Организованные митинги очень быстро превратились в погромы. В основном в них участвовали молодые люди призывного возраста, в Фейсбуке очень активно обсуждалось, почему они борются за каждый сантиметр города Шуши в центре Еревана, а не в самом Шуши
Я думаю что сейчас, в дневное время, есть некоторый мандраж. Ведь последние дни информация с фронта приходила с двойным посылом – были официальные заявления, и было то, что люди узнавали, слышали от знакомых, от тех, кто каким-то образом оказался на месте боев. Напряжение, конечно, возрастало, несмотря на то, что было такое ощущение, будто есть единение в оптимизме. Вчера, после всех этих заявлений, было тревожно, и поздно ночью, когда (Никол) Пашинян наконец-то с очевидным опозданием признался, что соглашение подписано, организованные митинги очень быстро превратились в погромы. В основном в них участвовали молодые люди призывного возраста, в Фейсбуке очень активно обсуждалось, почему они борются за каждый сантиметр города Шуши в центре Еревана, а не в самом Шуши.
Это хулиганы, которые очень долгие годы обслуживали олигархическую власть в Армении. Когда я говорю, что это организованные группы, то имею в виду штаб, откуда идут приказы. Но, конечно, к ним примкнуло небольшое количество людей, которых убежали в течение последних 25 лет. Все знали, что, вне зависимости от того, подпишем мы это соглашение с достоинством или вынужденно, или подпишем потому, что не хотим войны, или подпишем, потому что война уже произошла, – будут погромы, потому что власть в течение последних 25 лет готовила всех именно к этому. Никаких альтернативных разговоров и обсуждений вокруг Нагорного Карабаха, как вы сами знаете, в Армении не было.

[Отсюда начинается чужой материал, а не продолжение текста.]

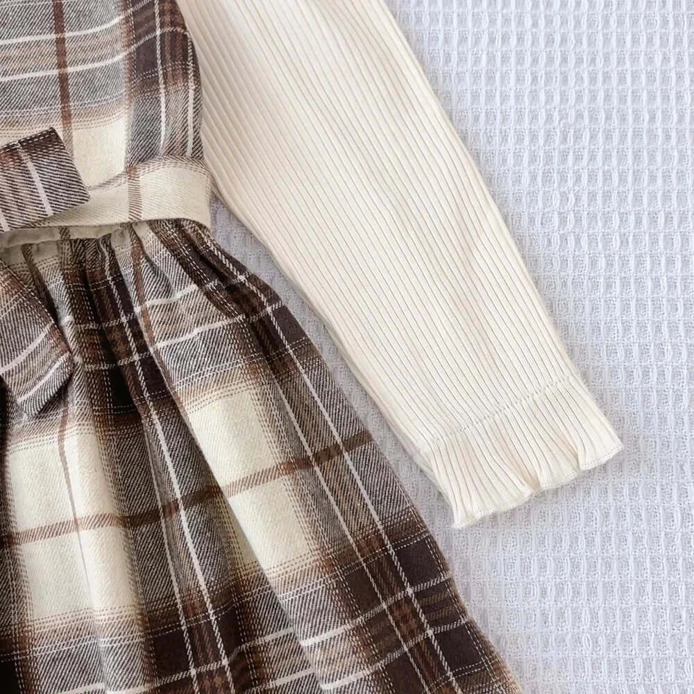 Korean Version Long Sleeved Shirt Fake Two-piece with Belt+Print Hat Outfits 3-7 Years Old Autumn New Plaid Girls Casual Dresses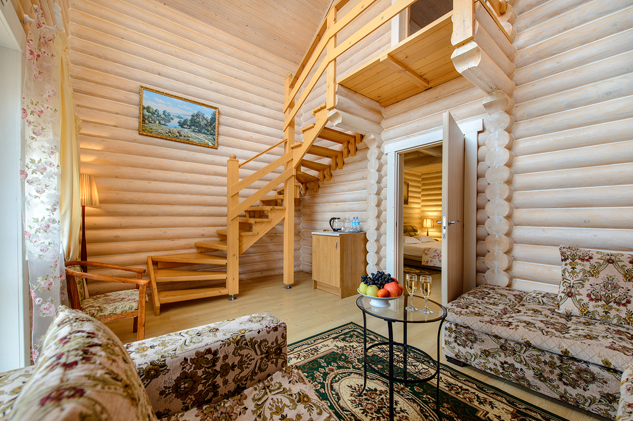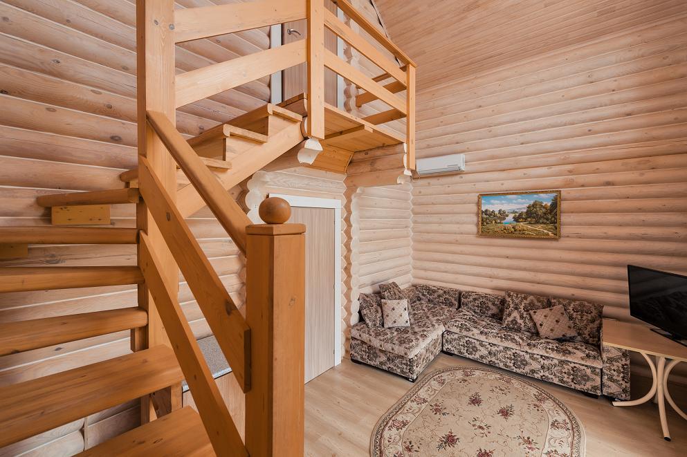 Удобства: кондиционер, холодильник, телевизор, фен, сейф, душ (на первом этаже), ванная комната (на втором этаже), утюг, гладильная доска , чайник, халат, тапочки

Переломным, наверное, можно считать сегодняшний прямой эфир Никола Пашиняна. Мы все растеряны, все, вне зависимости от того, у кого какие были представления. Сейчас в Армении очень большая общественная депрессия. В Армении, конечно, всегда мы жили в двойной реальности: первая реальность – на экспорт, вторая – для внутренней аудитории. Эта шизофреническая ситуация сильно обострилась в последние дни, когда появилось еще одно раздвоение – между тем, что мы слышим от официальных источников, и тем, что мы обсуждаем на кухнях.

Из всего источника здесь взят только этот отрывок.